▶ **What to do**
Your reply should restate the lines from the top of the entries through the line containing "環境マネジメントシステム審査登録証" word for word, with no pictures.

=== Section Start ===

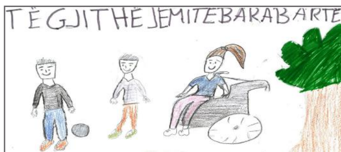
Të gjithë jemi të barabartë pa asnjë dallim

Ne kemi një mesazh për bashkëqytetarët tanë që nëse ata dëshirojnë të jenë më të shëndetshëm, duhet që ta ruajnë dhe të kujdesen për mjedisin.
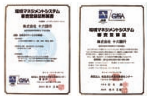
環境マネジメントシステム審査登録証

本店ビルおよび事務センターにおいてISO14001の認証を取得し、省資源・省エネルギー活動などの環境負荷低減活動に加え、環境対応型金融商品の取り扱いなど、間接的な環境保全活動にも積極的に取り組んでいます。平成20年3月には、外部審査機関によるISO定期審査をクリアし、引き続き、地域金融機関として環境に配慮した企業活動に努めてまいります。
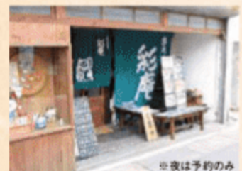
⑥串揚げ専門店 彩庵 豊後高田市新町948 ☎0978-24-0072 [営]平日:11:30～14:00 土日祝～15:00 [休]不定休
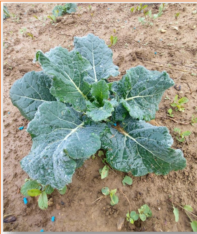
Pianta giovane con foglie coriacee verdi-scuro

=== Section End ===

▶ **Written response**
Të gjithë jemi të barabartë pa asnjë dallim

Ne kemi një mesazh për bashkëqytetarët tanë që nëse ata dëshirojnë të jenë më të shëndetshëm, duhet që ta ruajnë dhe të kujdesen për mjedisin.
環境マネジメントシステム審査登録証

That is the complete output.